Le mec arrive et je comprends qu’elle parle le Kosovar ou je ne sais quel
dialecte utilisé ici. Encore une fois, elle m’impressionne. J’imagine qu’elle a
commandé deux bières, au vu de ce que l’on nous sert.
– Où as-tu appris à parler cette langue ? m’enquiers-je.
– Un des nombreux secrets que tu n’es pas prêt à entendre, marmonne-t-elle. Ne
m’en parle plus, s’il te plaît, nous devons avoir l’air amoureux, pas en train de
s’opposer, ou de s’affronter.
J’acquiesce d’un signe de la tête avant de plonger dans ma pinte. Rien
d’exceptionnel, c’est une blonde quoi. Après une première gorgée, j’attrape
l’assise du tabouret d’Alice et la tire à moi. Nous sommes face à face, un de mes
genoux entre ses jambes.
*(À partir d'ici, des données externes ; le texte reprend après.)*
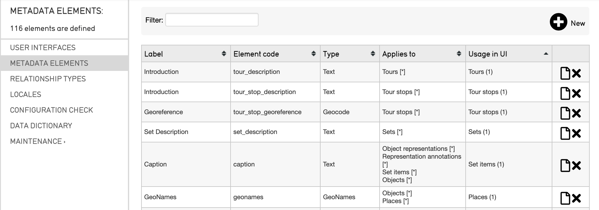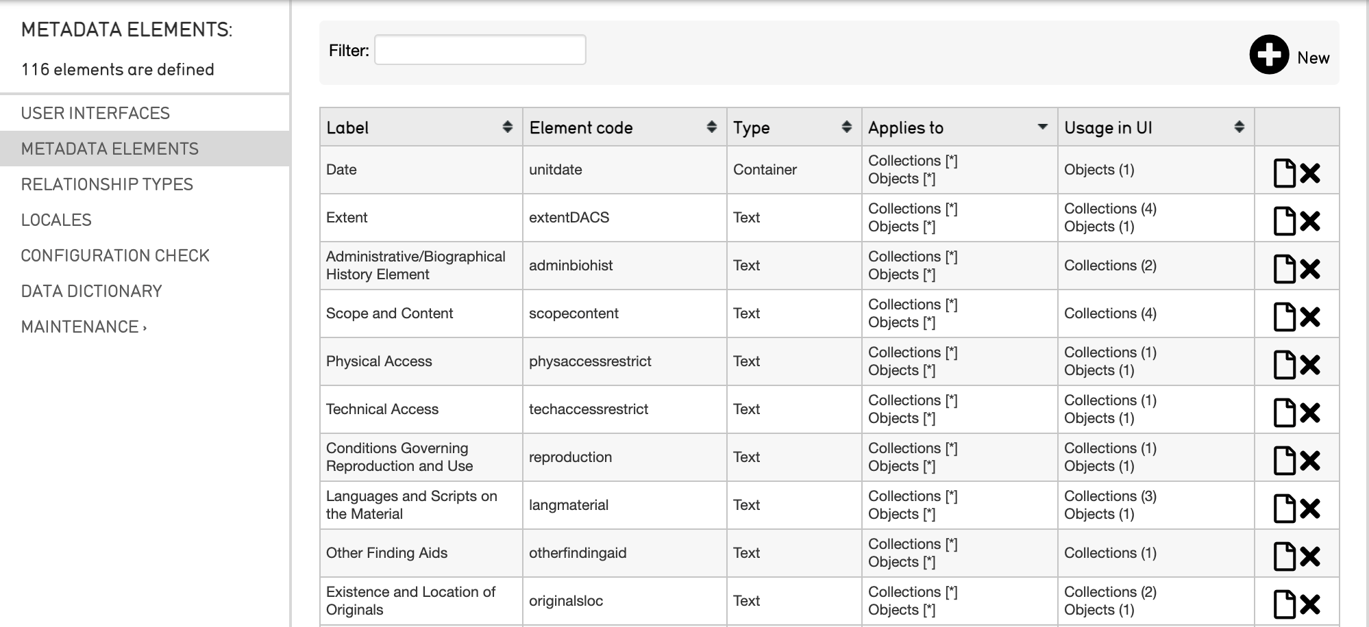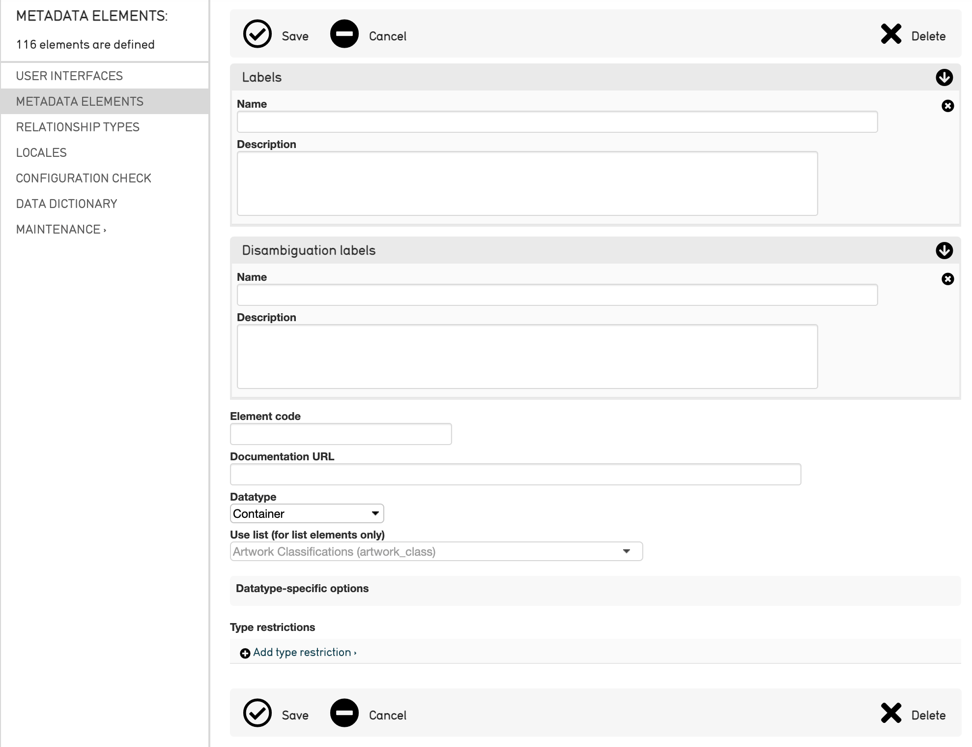 Metadata elements can be created and edited through the CollectiveAccess interface.

Je me penche vers elle et susurre à son oreille.
– Bien, et maintenant ? Quel est ton plan ?
– Poser des questions, me répond-elle, joueuse, une main sur ma joue.
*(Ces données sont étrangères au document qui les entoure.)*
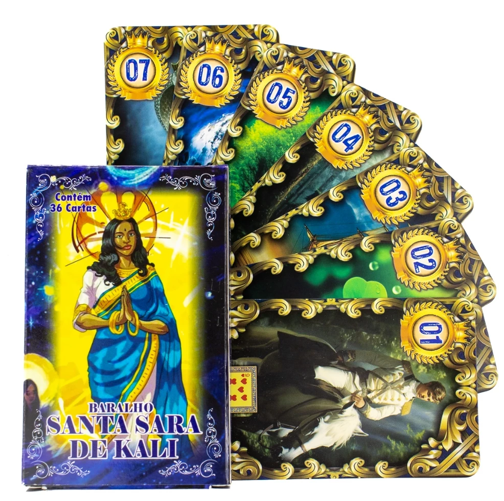 36 Cartas Inspiradoras : Cada carta do Baralho Santa Sara de Kali traz ilustrações e simbólicas que representam a espiritualidade e a energia de Santa Sara, fornecendo insights profundos e mensagens claras. O conjunto é perfeito para leituras intuitivas sobre amor, carreira, saúde e espiritualidade.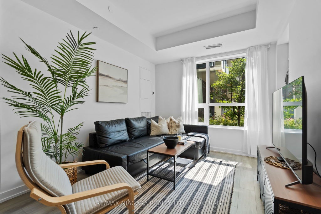 Rare ground-floor corner unit at Utopia Condos featuring 1 bedroom + den (converted to a true second room), 2 full bathrooms, and a private patio with direct courtyard access. Offering the privacy of a detached home with the convenience of condo living, this 690 sq ft home is filled with natural light, a spacious living area, a modern kitchen with ample storage, and in-suite laundry. The primary bedroom features an en-suite and offers courtyard views, while the den, complete with a full wall and door, is ideal as a guest room or office. An oversized locker located right beside the unit, along with 1 underground parking spot, adds unmatched convenience. Enjoy the building's amenities, including a fitness room, rooftop patio, party room, and bike storage. Steps to Sobeys, Dollarama, schools, and parks, with minutes to the QEW and the upcoming GO Station, this is a rare opportunity for professionals, downsizers, or investors seeking modern comfort in a growing community surrounded by vineyards.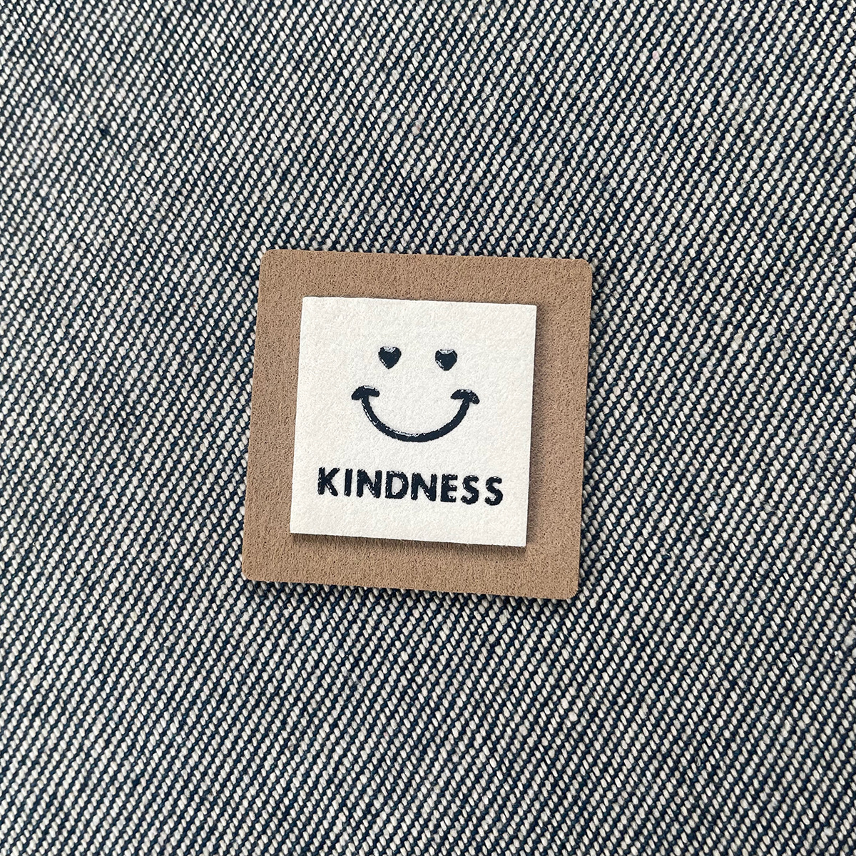 새로운 스마일리 패턴 스퀘어 재봉 모자 신발 의류 액세서리 수하물 장식 라벨 아동복 남성 패션 브랜드스토어 가기
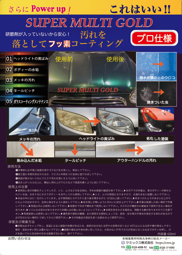 洗浄&長期耐久型フッ素撥水ポリマーコーティング&艶出しの一発仕上げ剤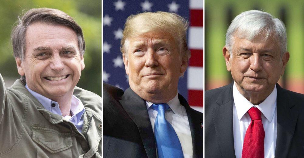 Οι τρεις αμερικανοί γίγαντες, δηλαδή οι Ηνωμένες Πολιτείες, η Βραζιλία και το Μεξικό όπου ζουν τα 660 εκατομμύρια από το ένα δισεκατομμύριο κατοίκων της αμερικανικής ηπείρου, κυβερνώνται πλέον από τρεις εθνικιστές πολιτικούς. Η γεωπολιτική της Αμερικής θα περιστρέφεται τα επόμενα χρόνια γύρω από αυτούς τους ιδιότυπους ηγέτες, για τους οποίους η εξωτερική πολιτική δεν νοείται χωρίς προηγούμενη ενίσχυση της εσωτερικής. Ένα ασυνήθιστο τρίο, με προεξάρχουσες ασφαλώς τις ΗΠΑ, τον Ζαϊρ Μπολσονάρο να επιδιώκει να αποτελεί τον προνομιακό της εταίρο και την κυβέρνηση του Αντρές Μανουέλ Λόπες Ομπραδόρ να φοβάται ότι θα απομονωθεί.

Nous multiplions les gestes tendres et autres attentions l’un envers l’autre,
histoire de tromper notre monde. Pourtant, tout paraît si naturel, comme si rien
n’avait été oublié. C’est perturbant. Elle se tourne vers le mec qui nous a servis,
puis lui demande quelque chose. Je ne sais pas ce que c’est, mais le mec lui
adresse un sourire salace. Je commence à me lever pour intervenir, mais Alice
m’interrompt, pose ses lèvres douces sur les miennes et s’adresse de nouveau au
barman. Putain de bouche sexy… Quelques instants plus tard, il s’en va. Je
l’interroge du regard, mais elle me répond de patienter un peu. Revient le gars,
mais accompagné d’un autre homme.
– J’ai entendu dire que vous cherchez des coins sympas, s’adresse-t-il à nous
avec un accent local.
– Oui, minaude ma partenaire. Vous comprenez, nous venons de nous marier, et
nous adorons les endroits isolés. Comme ça, nous pouvons profiter de notre
intimité. Pleinement, si vous voyez ce que je veux dire !
– Je vois, lui sourit notre interlocuteur. Voici quelques adresses.
Il griffonne quelques noms sur une serviette en papier et la tend à Alice.
– Vous devriez trouver votre bonheur.
– Oh, merci beaucoup, Monsieur. J’aime tellement mon mari !
Sa main remonte et descend sur ma cuisse. Ses doigts me frôlent, et putain, ça
déclenche une salve de frissons le long de ma colonne. Elle sait encore me faire
vibrer, cette nana. Et rien qu’avec ses ongles.
Puis, le mec repart, et nous continuons à jouer le couple amoureux.
– OK, on a quelques noms de lieux isolés, il va falloir aller y jeter un œil, au cas
où, me prévient Alice.
– Oui. On ne va pas tarder à y aller, je pense qu’on nous a assez vus.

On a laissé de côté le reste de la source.